* TASK *
Retype the entries below word for word, leaving out every picture.

* MATERIAL SHOWN *
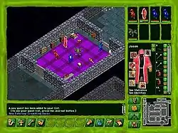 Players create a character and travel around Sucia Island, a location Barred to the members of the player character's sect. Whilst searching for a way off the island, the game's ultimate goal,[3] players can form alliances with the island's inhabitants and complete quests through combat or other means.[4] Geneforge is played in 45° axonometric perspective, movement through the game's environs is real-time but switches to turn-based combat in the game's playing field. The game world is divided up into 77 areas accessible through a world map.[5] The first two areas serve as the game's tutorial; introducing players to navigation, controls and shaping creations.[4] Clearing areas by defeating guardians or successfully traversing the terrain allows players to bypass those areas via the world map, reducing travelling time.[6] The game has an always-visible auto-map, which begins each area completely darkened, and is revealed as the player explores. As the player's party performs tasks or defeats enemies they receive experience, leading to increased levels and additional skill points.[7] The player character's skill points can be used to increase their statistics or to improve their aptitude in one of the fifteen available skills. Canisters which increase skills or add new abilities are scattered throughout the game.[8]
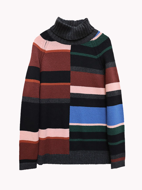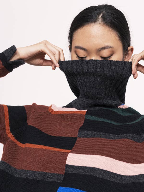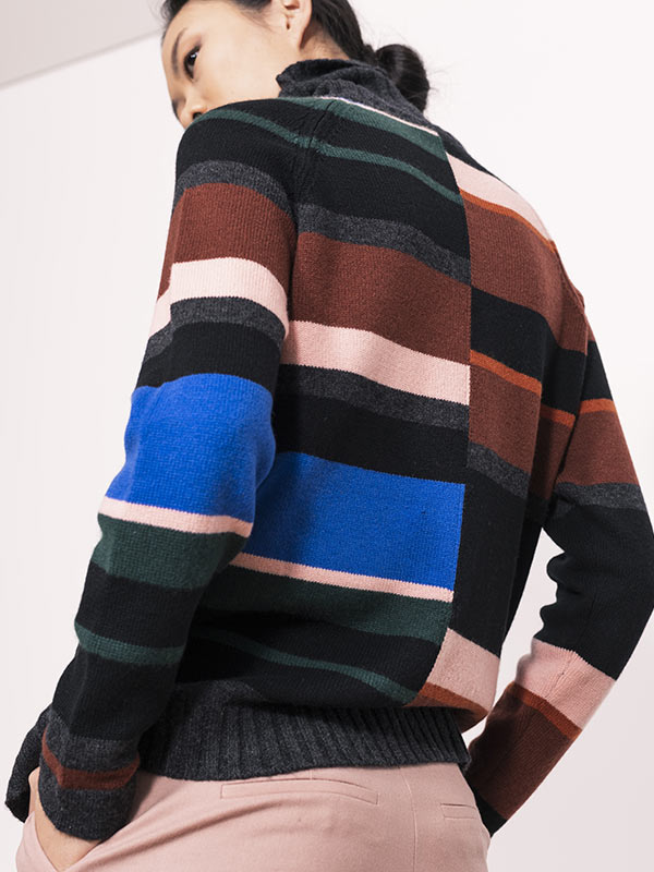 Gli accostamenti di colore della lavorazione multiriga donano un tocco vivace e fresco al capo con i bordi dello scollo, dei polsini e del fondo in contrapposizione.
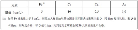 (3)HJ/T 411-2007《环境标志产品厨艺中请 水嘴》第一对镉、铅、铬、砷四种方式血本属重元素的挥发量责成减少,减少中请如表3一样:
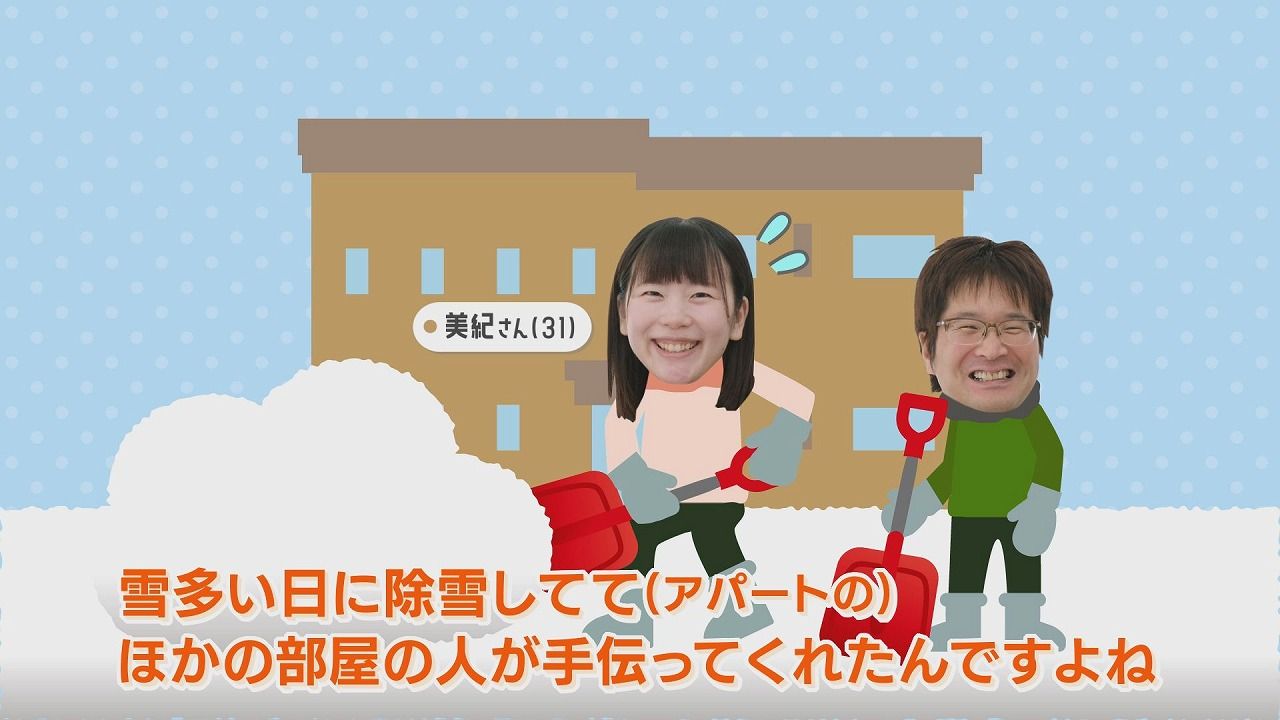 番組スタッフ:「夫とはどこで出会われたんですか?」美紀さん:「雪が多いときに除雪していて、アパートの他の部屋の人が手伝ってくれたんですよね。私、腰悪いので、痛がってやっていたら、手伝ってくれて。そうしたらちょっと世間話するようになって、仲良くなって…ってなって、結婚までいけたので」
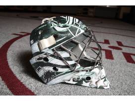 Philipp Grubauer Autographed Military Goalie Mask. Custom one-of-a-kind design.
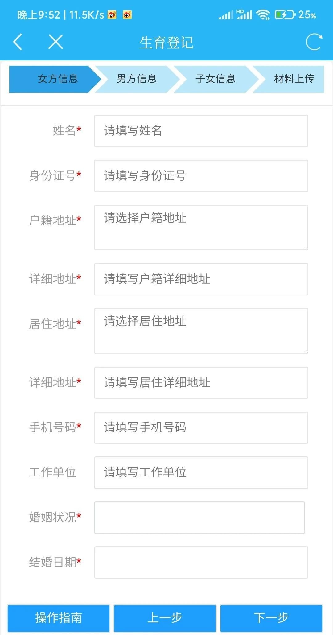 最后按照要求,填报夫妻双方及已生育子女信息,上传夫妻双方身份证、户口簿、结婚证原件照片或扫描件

* ANSWER TO THIS PROBLEM *
 Players create a character and travel around Sucia Island, a location Barred to the members of the player character's sect. Whilst searching for a way off the island, the game's ultimate goal,[3] players can form alliances with the island's inhabitants and complete quests through combat or other means.[4] Geneforge is played in 45° axonometric perspective, movement through the game's environs is real-time but switches to turn-based combat in the game's playing field. The game world is divided up into 77 areas accessible through a world map.[5] The first two areas serve as the game's tutorial; introducing players to navigation, controls and shaping creations.[4] Clearing areas by defeating guardians or successfully traversing the terrain allows players to bypass those areas via the world map, reducing travelling time.[6] The game has an always-visible auto-map, which begins each area completely darkened, and is revealed as the player explores. As the player's party performs tasks or defeats enemies they receive experience, leading to increased levels and additional skill points.[7] The player character's skill points can be used to increase their statistics or to improve their aptitude in one of the fifteen available skills. Canisters which increase skills or add new abilities are scattered throughout the game.[8]
 Gli accostamenti di colore della lavorazione multiriga donano un tocco vivace e fresco al capo con i bordi dello scollo, dei polsini e del fondo in contrapposizione.
 (3)HJ/T 411-2007《环境标志产品厨艺中请 水嘴》第一对镉、铅、铬、砷四种方式血本属重元素的挥发量责成减少,减少中请如表3一样:
 番組スタッフ:「夫とはどこで出会われたんですか?」美紀さん:「雪が多いときに除雪していて、アパートの他の部屋の人が手伝ってくれたんですよね。私、腰悪いので、痛がってやっていたら、手伝ってくれて。そうしたらちょっと世間話するようになって、仲良くなって…ってなって、結婚までいけたので」
 Philipp Grubauer Autographed Military Goalie Mask. Custom one-of-a-kind design.
 最后按照要求,填报夫妻双方及已生育子女信息,上传夫妻双方身份证、户口簿、结婚证原件照片或扫描件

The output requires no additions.